START Record excerpts
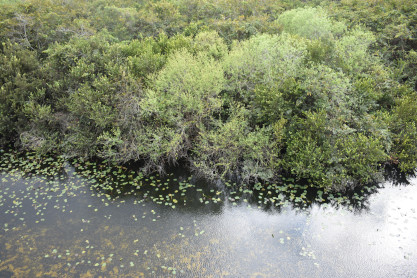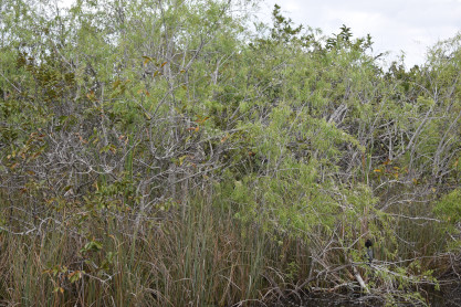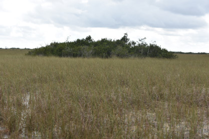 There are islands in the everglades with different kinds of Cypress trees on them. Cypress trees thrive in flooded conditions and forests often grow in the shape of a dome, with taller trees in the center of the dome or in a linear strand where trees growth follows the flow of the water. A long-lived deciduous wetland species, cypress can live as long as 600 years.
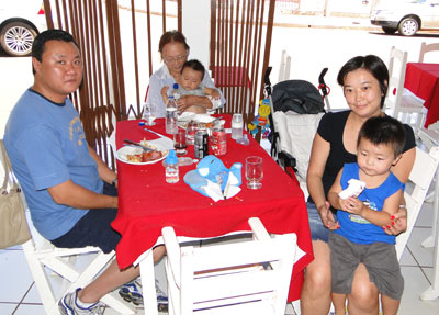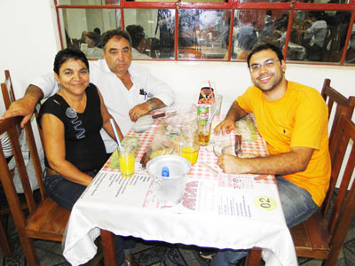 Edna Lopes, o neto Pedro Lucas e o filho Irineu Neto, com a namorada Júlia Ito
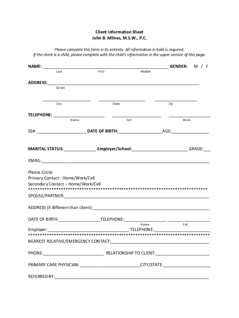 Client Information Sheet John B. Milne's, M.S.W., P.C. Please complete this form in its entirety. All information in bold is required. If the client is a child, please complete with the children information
END Record excerpts
START Record excerpts
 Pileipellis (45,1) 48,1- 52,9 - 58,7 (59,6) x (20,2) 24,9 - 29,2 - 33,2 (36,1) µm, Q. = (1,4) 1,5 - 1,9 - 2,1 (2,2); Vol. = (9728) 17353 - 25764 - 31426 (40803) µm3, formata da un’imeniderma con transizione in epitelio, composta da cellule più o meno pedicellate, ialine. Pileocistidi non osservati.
END Record excerpts
START Record excerpts
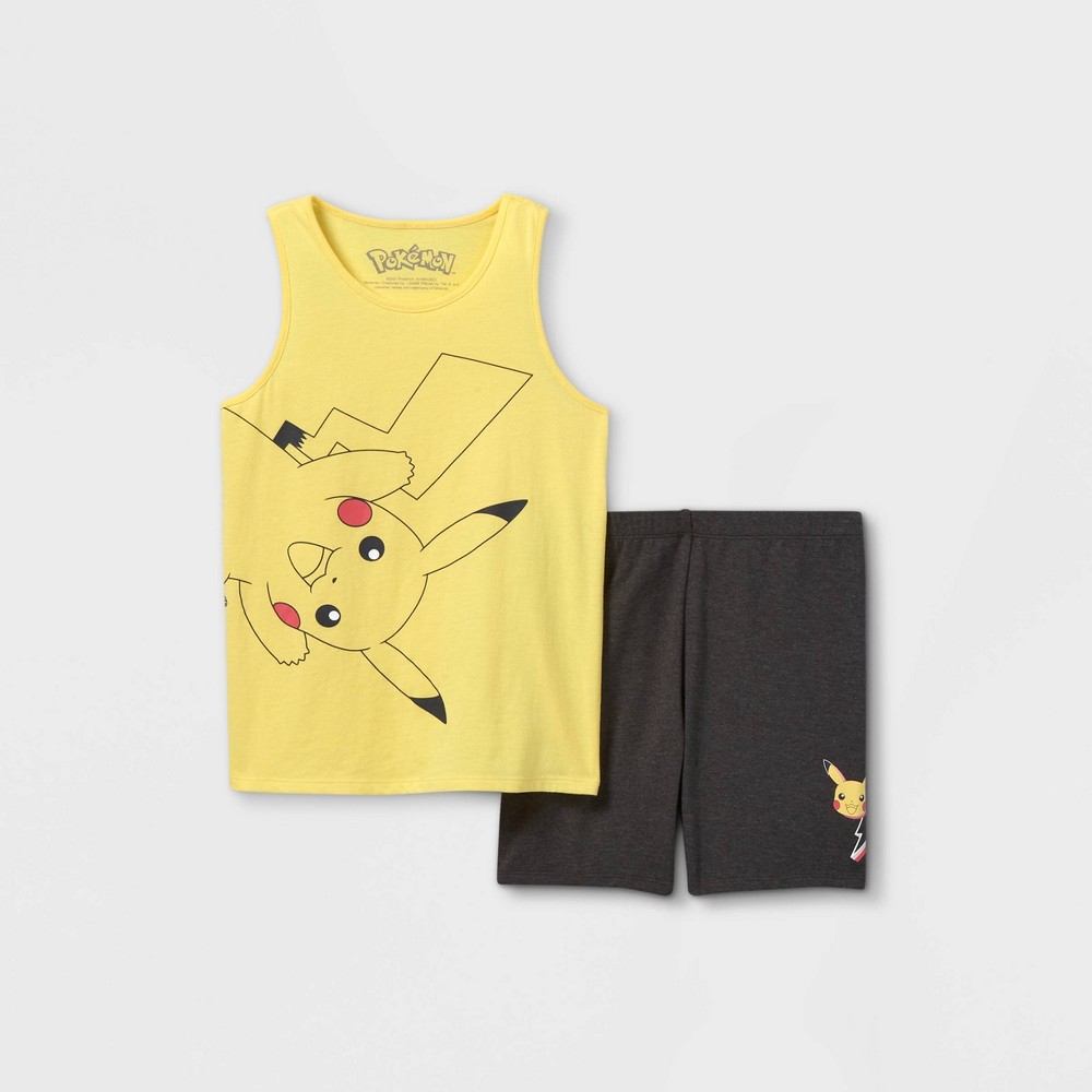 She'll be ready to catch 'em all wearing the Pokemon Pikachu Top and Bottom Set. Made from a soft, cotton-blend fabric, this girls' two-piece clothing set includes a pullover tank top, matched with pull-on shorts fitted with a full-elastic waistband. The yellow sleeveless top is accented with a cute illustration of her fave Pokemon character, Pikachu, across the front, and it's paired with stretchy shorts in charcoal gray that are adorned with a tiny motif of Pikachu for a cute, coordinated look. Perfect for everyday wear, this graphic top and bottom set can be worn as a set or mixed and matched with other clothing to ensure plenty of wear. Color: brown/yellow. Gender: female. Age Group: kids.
END Record excerpts
## Assignment
Look through the material above. Transcribe exactly the lines between the ones with "There are islands" and "Client Information Sheet", inclusive, and keep pictures out.

## Answer area
 There are islands in the everglades with different kinds of Cypress trees on them. Cypress trees thrive in flooded conditions and forests often grow in the shape of a dome, with taller trees in the center of the dome or in a linear strand where trees growth follows the flow of the water. A long-lived deciduous wetland species, cypress can live as long as 600 years.
 Edna Lopes, o neto Pedro Lucas e o filho Irineu Neto, com a namorada Júlia Ito
 Client Information Sheet John B. Milne's, M.S.W., P.C. Please complete this form in its entirety. All information in bold is required. If the client is a child, please complete with the children information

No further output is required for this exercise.